Note: “we don’t use collaborative editing” doesn’t mean you’re unaffected. Internal API changes in Phase 3 can affect plugins even on sites where the collaborative features themselves are never used. The dependency is on the editor internals, not the end-user feature.

Summary — what to do before 7.0 drops

Item Check now Act when
PHP requirement php -v + plugin Tested-up-to audit PHP 8.0+ minimum is confirmed
FSE / theme migration Identify Classic vs. Block Theme per site, estimate migration cost 7.0 release announcement confirms Classic Theme support status
Editor extensions List editor-adjacent plugins, check vendor Phase 3 status Phase 3 lands in core

The common thread: starting this work after 7.0 is announced puts you under time pressure. Replacing plugins that don’t support PHP 8.x requires research, testing, and a migration window. Theme migration is a substantial project. Editor extension alternatives may need to wait for vendors to ship updates.

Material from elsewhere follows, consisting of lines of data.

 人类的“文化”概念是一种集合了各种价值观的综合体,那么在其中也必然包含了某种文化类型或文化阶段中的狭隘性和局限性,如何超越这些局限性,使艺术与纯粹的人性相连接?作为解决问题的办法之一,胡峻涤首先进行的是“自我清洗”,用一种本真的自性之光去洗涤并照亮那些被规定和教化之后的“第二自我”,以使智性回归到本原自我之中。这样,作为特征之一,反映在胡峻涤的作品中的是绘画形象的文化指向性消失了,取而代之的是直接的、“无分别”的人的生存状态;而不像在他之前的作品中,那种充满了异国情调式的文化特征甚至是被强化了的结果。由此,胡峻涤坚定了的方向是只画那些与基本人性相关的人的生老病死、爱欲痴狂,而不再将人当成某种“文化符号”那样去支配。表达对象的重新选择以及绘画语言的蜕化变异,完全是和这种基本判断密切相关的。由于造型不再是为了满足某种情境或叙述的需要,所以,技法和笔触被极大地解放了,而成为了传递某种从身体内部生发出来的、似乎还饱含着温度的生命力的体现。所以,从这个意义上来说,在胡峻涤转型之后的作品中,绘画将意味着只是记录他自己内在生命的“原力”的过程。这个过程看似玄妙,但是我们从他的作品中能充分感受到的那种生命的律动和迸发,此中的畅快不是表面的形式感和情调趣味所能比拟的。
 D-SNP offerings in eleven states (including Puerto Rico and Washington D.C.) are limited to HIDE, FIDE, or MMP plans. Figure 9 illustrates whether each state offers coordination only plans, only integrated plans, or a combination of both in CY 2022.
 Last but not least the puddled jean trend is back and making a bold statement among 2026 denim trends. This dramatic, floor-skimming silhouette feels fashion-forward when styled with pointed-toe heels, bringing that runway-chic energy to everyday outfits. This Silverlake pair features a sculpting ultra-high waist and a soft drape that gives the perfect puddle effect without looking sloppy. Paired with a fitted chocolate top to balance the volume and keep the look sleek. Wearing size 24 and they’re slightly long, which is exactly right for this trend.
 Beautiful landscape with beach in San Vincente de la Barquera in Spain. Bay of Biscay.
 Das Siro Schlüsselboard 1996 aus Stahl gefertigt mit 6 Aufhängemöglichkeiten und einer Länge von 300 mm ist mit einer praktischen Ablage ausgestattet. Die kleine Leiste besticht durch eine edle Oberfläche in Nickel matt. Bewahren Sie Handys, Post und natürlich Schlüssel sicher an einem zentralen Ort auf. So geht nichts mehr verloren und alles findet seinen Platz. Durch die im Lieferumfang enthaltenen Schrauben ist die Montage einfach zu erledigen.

The step-by-step WP-CLI upgrade procedure from W4 pairs well with this list: once you’ve completed the pre-flight checks, the actual upgrade sequence follows the same pattern regardless of which major version you’re applying. And W2’s staged rollout approach — applying to lower-risk sites first before production — is especially useful when you have a mix of sites at different levels of readiness.

The W series in full

Post Topic
W1 — What to check Seven-item pre-flight checklist
W2 — When to apply The x.0.1 rule and staged rollout
W3 — What can go wrong Five failure patterns from past majors
W4 — How to run it Step-by-step WP-CLI commands
W5 — Preparing for 7.0 Three things to check now ← this post
W6 — Verifying the result 7-step post-upgrade checklist

Pattern knowledge from W3 is most useful before the upgrade, not after. Knowing that PHP requirement increases follow a predictable pattern is only actionable if you run the plugin audit before 7.0 drops, not after the first site breaks. The preparation window is now.